One month ago, Bridgewater’s Ray Dalio warned the New York Fed that even a modest, 1% rise in rates, and thus inflation, would lead to trillions in losses and “trigger the worst price decline in bonds since the 1981 bond market crash.” Now, it is the turn of Elliott Management’s Paul Singer. In a letter to investors seen by CNBC’s Kate Kelly, Elliott Management execs warned of essentially the same thing: that a rapid inflation is the $30 billion hedge fund’s biggest concern in the current environment, and that such a spike would not only collapse bond prices, but potentially lead to a stock market crash.

“This may seem like a strange thing to worry about under the current circumstances, but the tide toward inflation could turn rather abruptly,” wrote the money managers in their Q3 letter dated Oct. 28. “If inflation starts accelerating to an annual rate of high single digits or greater, it will be quite difficult for the mix of strategies that Elliott favors to ‘keep up.'”

However, sudden price hikes were only one of the Elliott team’s worries, according to the recent letter. Another is Singer’s biggest recurring fear: that the artificial market created by central bankers over the past 7 years will undergo rapid “renormalization.” Lingering over Elliott’s portfolio management is a persistent fear that central bankers — by collectively cutting interest rates 673 times since the financial crisis — have so upended the natural price levels of stocks, bonds and many other assets, “that the economy and markets are operating in denial of reality.”
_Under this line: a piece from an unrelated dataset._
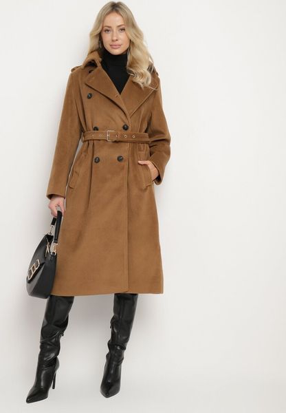 Brązowy Długi Dwurzędowy Płaszcz z Paskiem Senoriel

Paraphrasing from the latest Greenlight letter, sent on the same day, in which David Einhorn said that “we have central bankers who are determined to see flashing lights that aren’t there…. we are more than seven years into an economic recovery, yet central bankers behave as if we’re still in crisis”, Elliott writes that “every sniffle is being treated by central banks as acute respiratory distress syndrome worthy of ‘code-blues’ and teams of frantic pumpers and fixers…  what this policy landscape has engendered is a widespread belief, or at least a strong suspicion, that stock and bond prices won’t ever be allowed to go down in any meaningful way.”

Such a mentality, according to Singer, “has encouraged massively risky behavior.”

Aside from his traditional pessimistic warning that the central-bank created “market” will implode sooner or later, Elliott predicts that during the coming months or years, oil prices will trend higher than their current $45 level, but not by much. “The oil market has largely achieved balance,” the managers wrote, “albeit with high stock levels, and we expect medium-term price appreciation to be limited by the return of U.S. production growth in the $50-60 range.”

Singer also touched on one of his long-running favorite investments, gold, and noted that its flat performance during the third quarter, and the move down in response to the increasing belief that the Fed will soon rate interest rates, seemed puzzling: “Given the market gyrations that have accompanied each of the Fed’s previous attempts at hiking policy rates over the last few years, now would seem to be an inopportune time to abandon the only actual safe haven that investors may reach for as an alternative to the really bad deal offered by fixed income instruments given current pricing.

Translated: Elliott is buying gold here.

Singer then looked at Europe, and specifically Italy which he said is in a state of “tremendous flux” that will only continue should Prime Minister Matteo Renzi fail to win a Dec. 4 referendum intended to simplify the country’s governance.

“The resulting unrest may be more impactful than Brexit,” the letter stated. Meanwhile, in Germany, the straits faced by Deutsche Bank, the troubled financial giant now in talks to settle fraud charges with the U.S. Justice Department, may be overplayed in the market, given that the German government, in Elliott’s view, will do whatever is ultimately needed to stabilize the biggest German lender.

“Regardless of what Chancellor (Angela) Merkel currently says, Germany will stand behind Deutsche Bank in extremis.”